**To do**
All the lines below should appear again unchanged, though their pictures should not.

**Dataset content**
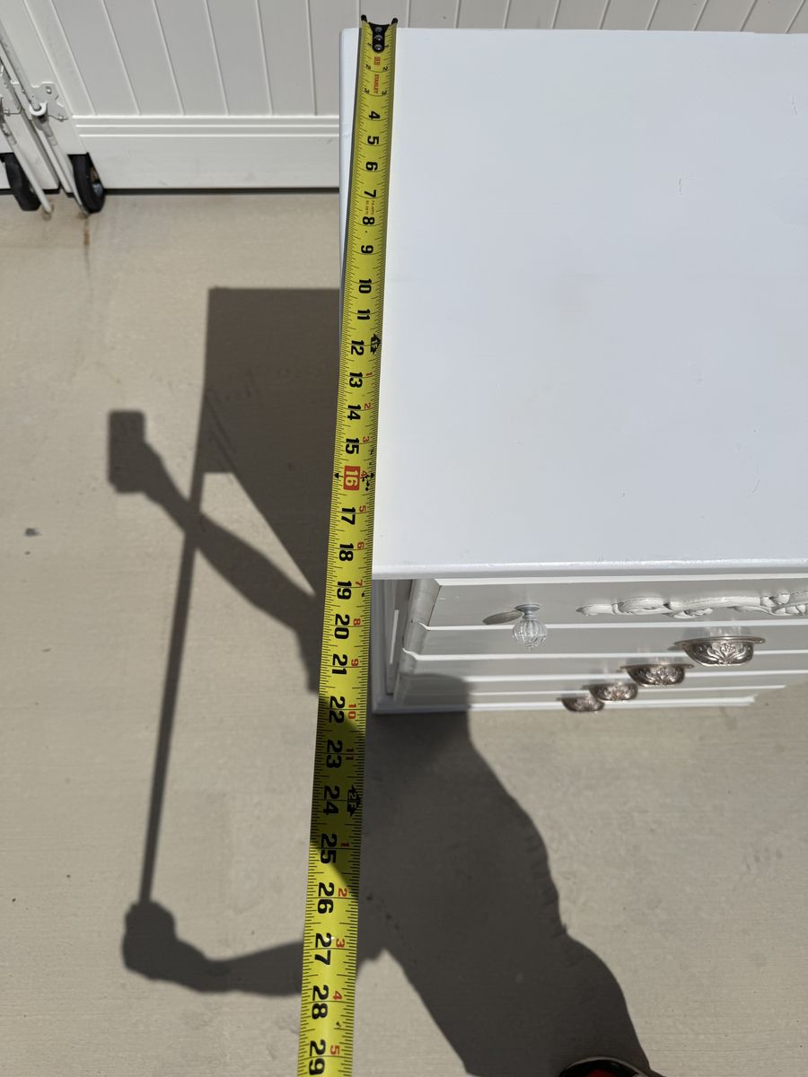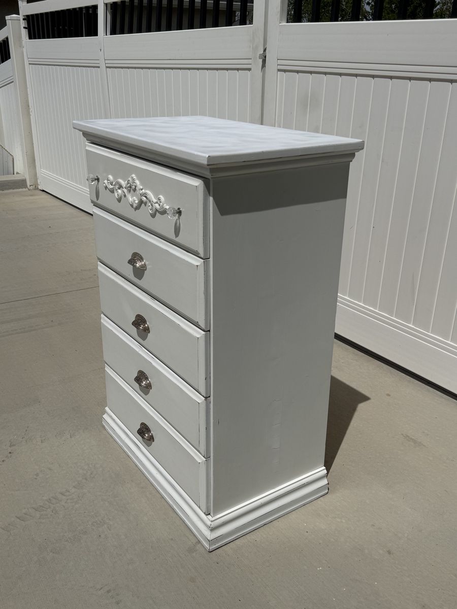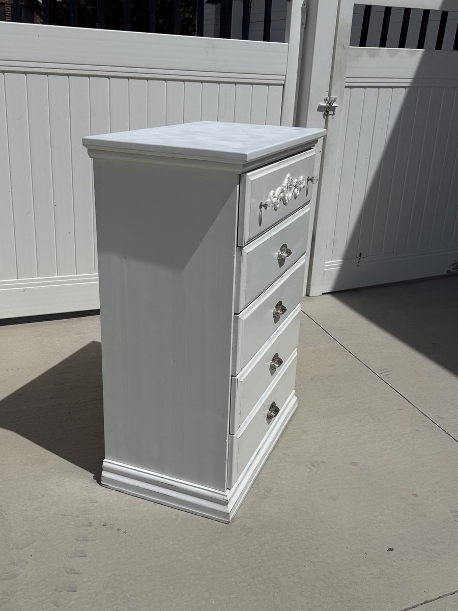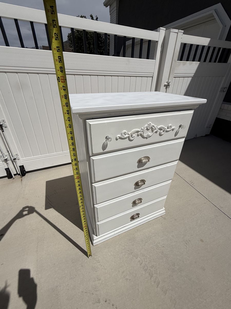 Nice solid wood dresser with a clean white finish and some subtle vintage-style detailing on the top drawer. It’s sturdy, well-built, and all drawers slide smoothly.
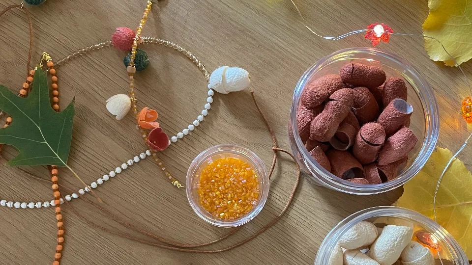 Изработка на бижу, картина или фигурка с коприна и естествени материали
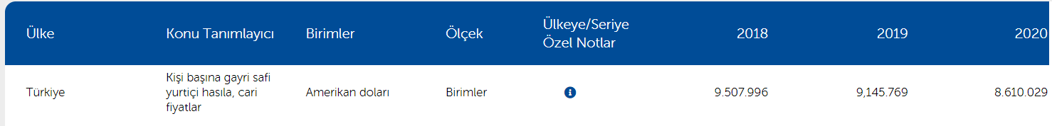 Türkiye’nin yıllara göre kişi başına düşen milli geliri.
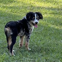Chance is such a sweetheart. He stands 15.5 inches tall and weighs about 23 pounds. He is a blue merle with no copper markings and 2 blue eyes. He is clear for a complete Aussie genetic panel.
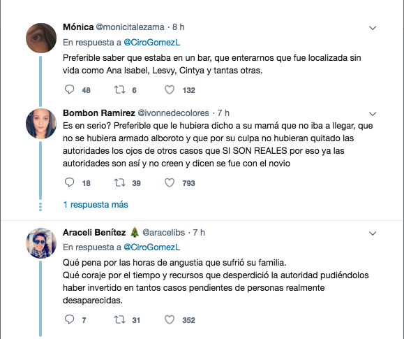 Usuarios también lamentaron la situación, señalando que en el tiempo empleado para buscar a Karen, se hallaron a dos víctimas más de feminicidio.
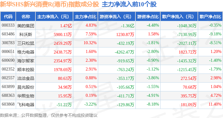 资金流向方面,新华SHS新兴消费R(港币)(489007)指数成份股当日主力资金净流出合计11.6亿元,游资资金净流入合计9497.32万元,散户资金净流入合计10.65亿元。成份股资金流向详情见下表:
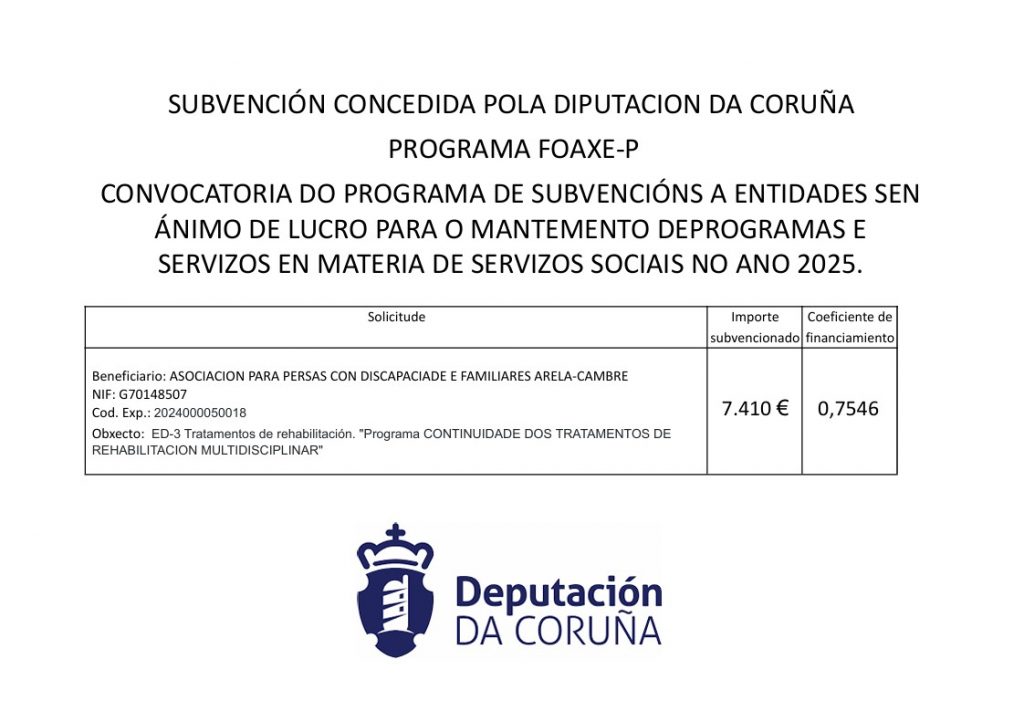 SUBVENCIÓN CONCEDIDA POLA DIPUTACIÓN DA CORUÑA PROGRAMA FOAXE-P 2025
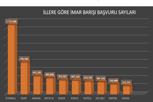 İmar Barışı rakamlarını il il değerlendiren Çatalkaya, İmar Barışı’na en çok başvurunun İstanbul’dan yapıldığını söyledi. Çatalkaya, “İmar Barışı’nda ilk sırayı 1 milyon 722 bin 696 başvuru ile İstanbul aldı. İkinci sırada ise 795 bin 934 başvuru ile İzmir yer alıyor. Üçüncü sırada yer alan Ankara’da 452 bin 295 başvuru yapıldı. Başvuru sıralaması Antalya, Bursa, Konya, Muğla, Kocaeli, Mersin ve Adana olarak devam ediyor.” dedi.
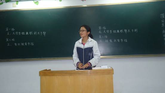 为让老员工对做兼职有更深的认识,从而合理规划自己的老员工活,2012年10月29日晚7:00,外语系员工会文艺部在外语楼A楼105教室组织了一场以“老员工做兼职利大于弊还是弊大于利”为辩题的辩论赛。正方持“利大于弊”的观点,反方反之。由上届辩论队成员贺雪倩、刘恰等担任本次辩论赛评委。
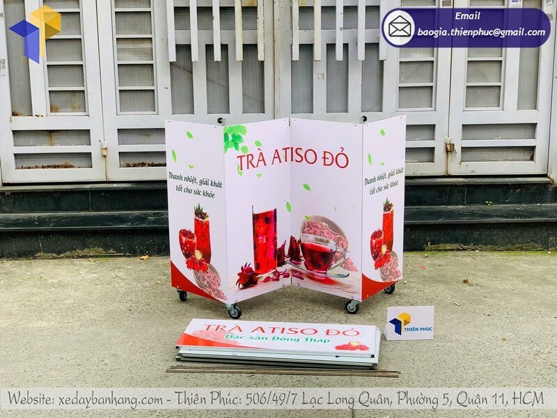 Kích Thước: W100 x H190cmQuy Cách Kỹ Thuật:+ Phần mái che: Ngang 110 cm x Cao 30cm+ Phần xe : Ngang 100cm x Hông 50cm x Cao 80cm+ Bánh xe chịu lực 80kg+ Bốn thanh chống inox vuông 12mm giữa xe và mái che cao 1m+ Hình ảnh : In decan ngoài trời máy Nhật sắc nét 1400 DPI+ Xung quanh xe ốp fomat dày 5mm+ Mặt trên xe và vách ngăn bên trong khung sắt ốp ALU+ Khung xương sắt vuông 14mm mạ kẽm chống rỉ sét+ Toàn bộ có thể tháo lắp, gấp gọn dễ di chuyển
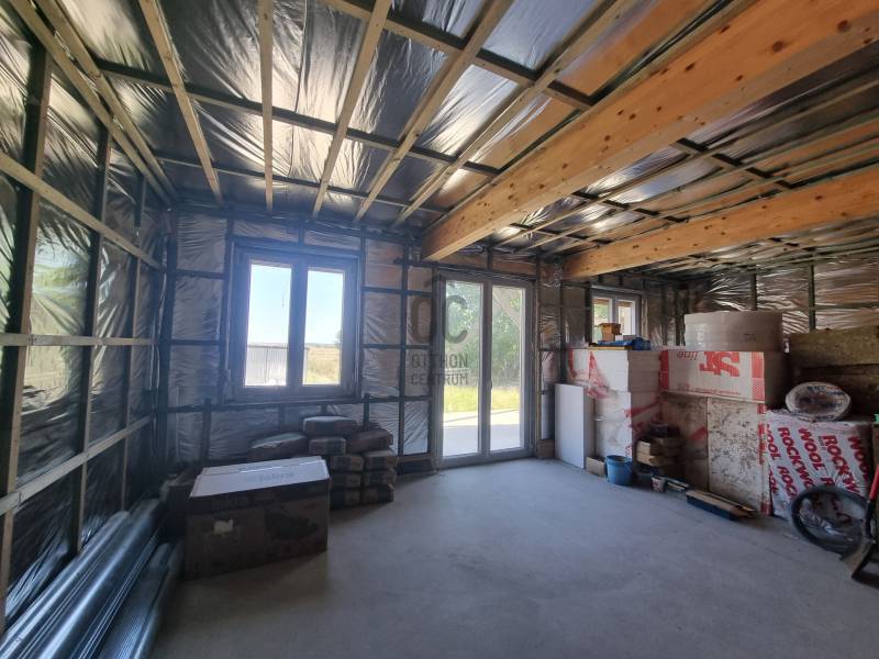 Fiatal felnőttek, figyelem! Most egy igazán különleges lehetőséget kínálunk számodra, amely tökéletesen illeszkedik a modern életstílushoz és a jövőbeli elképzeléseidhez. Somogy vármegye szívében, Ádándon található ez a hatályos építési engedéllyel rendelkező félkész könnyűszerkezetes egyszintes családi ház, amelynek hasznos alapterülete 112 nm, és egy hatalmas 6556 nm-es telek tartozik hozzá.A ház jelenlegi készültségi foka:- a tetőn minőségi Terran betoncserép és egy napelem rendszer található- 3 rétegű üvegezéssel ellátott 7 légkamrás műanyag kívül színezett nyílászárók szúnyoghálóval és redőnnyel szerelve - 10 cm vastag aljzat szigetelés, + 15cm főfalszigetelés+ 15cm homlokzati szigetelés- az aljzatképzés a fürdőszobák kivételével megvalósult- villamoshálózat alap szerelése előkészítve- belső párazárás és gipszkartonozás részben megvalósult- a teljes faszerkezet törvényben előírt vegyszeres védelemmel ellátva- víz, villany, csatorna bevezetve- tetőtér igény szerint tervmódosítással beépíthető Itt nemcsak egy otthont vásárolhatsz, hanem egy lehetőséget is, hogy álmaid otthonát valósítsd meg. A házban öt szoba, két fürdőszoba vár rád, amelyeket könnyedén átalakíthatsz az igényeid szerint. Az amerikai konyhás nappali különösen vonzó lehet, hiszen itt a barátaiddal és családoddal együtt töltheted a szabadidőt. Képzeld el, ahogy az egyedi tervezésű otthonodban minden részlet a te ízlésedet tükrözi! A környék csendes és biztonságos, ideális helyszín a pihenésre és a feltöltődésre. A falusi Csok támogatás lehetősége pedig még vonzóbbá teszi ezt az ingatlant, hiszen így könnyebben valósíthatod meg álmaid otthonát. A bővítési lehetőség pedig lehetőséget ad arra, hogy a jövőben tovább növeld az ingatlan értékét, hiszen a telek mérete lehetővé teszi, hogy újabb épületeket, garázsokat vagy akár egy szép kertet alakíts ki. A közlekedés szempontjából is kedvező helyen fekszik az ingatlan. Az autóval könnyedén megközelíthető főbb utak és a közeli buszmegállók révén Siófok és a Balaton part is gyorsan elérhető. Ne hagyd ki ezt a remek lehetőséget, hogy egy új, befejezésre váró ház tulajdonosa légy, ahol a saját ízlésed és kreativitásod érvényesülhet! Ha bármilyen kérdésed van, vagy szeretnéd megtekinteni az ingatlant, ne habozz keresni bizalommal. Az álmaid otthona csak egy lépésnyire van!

**Solution to the problem**
 Nice solid wood dresser with a clean white finish and some subtle vintage-style detailing on the top drawer. It’s sturdy, well-built, and all drawers slide smoothly.
 Изработка на бижу, картина или фигурка с коприна и естествени материали
 Türkiye’nin yıllara göre kişi başına düşen milli geliri.
Chance is such a sweetheart. He stands 15.5 inches tall and weighs about 23 pounds. He is a blue merle with no copper markings and 2 blue eyes. He is clear for a complete Aussie genetic panel.
 Usuarios también lamentaron la situación, señalando que en el tiempo empleado para buscar a Karen, se hallaron a dos víctimas más de feminicidio.
 资金流向方面,新华SHS新兴消费R(港币)(489007)指数成份股当日主力资金净流出合计11.6亿元,游资资金净流入合计9497.32万元,散户资金净流入合计10.65亿元。成份股资金流向详情见下表:
 SUBVENCIÓN CONCEDIDA POLA DIPUTACIÓN DA CORUÑA PROGRAMA FOAXE-P 2025
 İmar Barışı rakamlarını il il değerlendiren Çatalkaya, İmar Barışı’na en çok başvurunun İstanbul’dan yapıldığını söyledi. Çatalkaya, “İmar Barışı’nda ilk sırayı 1 milyon 722 bin 696 başvuru ile İstanbul aldı. İkinci sırada ise 795 bin 934 başvuru ile İzmir yer alıyor. Üçüncü sırada yer alan Ankara’da 452 bin 295 başvuru yapıldı. Başvuru sıralaması Antalya, Bursa, Konya, Muğla, Kocaeli, Mersin ve Adana olarak devam ediyor.” dedi.
 为让老员工对做兼职有更深的认识,从而合理规划自己的老员工活,2012年10月29日晚7:00,外语系员工会文艺部在外语楼A楼105教室组织了一场以“老员工做兼职利大于弊还是弊大于利”为辩题的辩论赛。正方持“利大于弊”的观点,反方反之。由上届辩论队成员贺雪倩、刘恰等担任本次辩论赛评委。
 Kích Thước: W100 x H190cmQuy Cách Kỹ Thuật:+ Phần mái che: Ngang 110 cm x Cao 30cm+ Phần xe : Ngang 100cm x Hông 50cm x Cao 80cm+ Bánh xe chịu lực 80kg+ Bốn thanh chống inox vuông 12mm giữa xe và mái che cao 1m+ Hình ảnh : In decan ngoài trời máy Nhật sắc nét 1400 DPI+ Xung quanh xe ốp fomat dày 5mm+ Mặt trên xe và vách ngăn bên trong khung sắt ốp ALU+ Khung xương sắt vuông 14mm mạ kẽm chống rỉ sét+ Toàn bộ có thể tháo lắp, gấp gọn dễ di chuyển
 Fiatal felnőttek, figyelem! Most egy igazán különleges lehetőséget kínálunk számodra, amely tökéletesen illeszkedik a modern életstílushoz és a jövőbeli elképzeléseidhez. Somogy vármegye szívében, Ádándon található ez a hatályos építési engedéllyel rendelkező félkész könnyűszerkezetes egyszintes családi ház, amelynek hasznos alapterülete 112 nm, és egy hatalmas 6556 nm-es telek tartozik hozzá.A ház jelenlegi készültségi foka:- a tetőn minőségi Terran betoncserép és egy napelem rendszer található- 3 rétegű üvegezéssel ellátott 7 légkamrás műanyag kívül színezett nyílászárók szúnyoghálóval és redőnnyel szerelve - 10 cm vastag aljzat szigetelés, + 15cm főfalszigetelés+ 15cm homlokzati szigetelés- az aljzatképzés a fürdőszobák kivételével megvalósult- villamoshálózat alap szerelése előkészítve- belső párazárás és gipszkartonozás részben megvalósult- a teljes faszerkezet törvényben előírt vegyszeres védelemmel ellátva- víz, villany, csatorna bevezetve- tetőtér igény szerint tervmódosítással beépíthető Itt nemcsak egy otthont vásárolhatsz, hanem egy lehetőséget is, hogy álmaid otthonát valósítsd meg. A házban öt szoba, két fürdőszoba vár rád, amelyeket könnyedén átalakíthatsz az igényeid szerint. Az amerikai konyhás nappali különösen vonzó lehet, hiszen itt a barátaiddal és családoddal együtt töltheted a szabadidőt. Képzeld el, ahogy az egyedi tervezésű otthonodban minden részlet a te ízlésedet tükrözi! A környék csendes és biztonságos, ideális helyszín a pihenésre és a feltöltődésre. A falusi Csok támogatás lehetősége pedig még vonzóbbá teszi ezt az ingatlant, hiszen így könnyebben valósíthatod meg álmaid otthonát. A bővítési lehetőség pedig lehetőséget ad arra, hogy a jövőben tovább növeld az ingatlan értékét, hiszen a telek mérete lehetővé teszi, hogy újabb épületeket, garázsokat vagy akár egy szép kertet alakíts ki. A közlekedés szempontjából is kedvező helyen fekszik az ingatlan. Az autóval könnyedén megközelíthető főbb utak és a közeli buszmegállók révén Siófok és a Balaton part is gyorsan elérhető. Ne hagyd ki ezt a remek lehetőséget, hogy egy új, befejezésre váró ház tulajdonosa légy, ahol a saját ízlésed és kreativitásod érvényesülhet! Ha bármilyen kérdésed van, vagy szeretnéd megtekinteni az ingatlant, ne habozz keresni bizalommal. Az álmaid otthona csak egy lépésnyire van!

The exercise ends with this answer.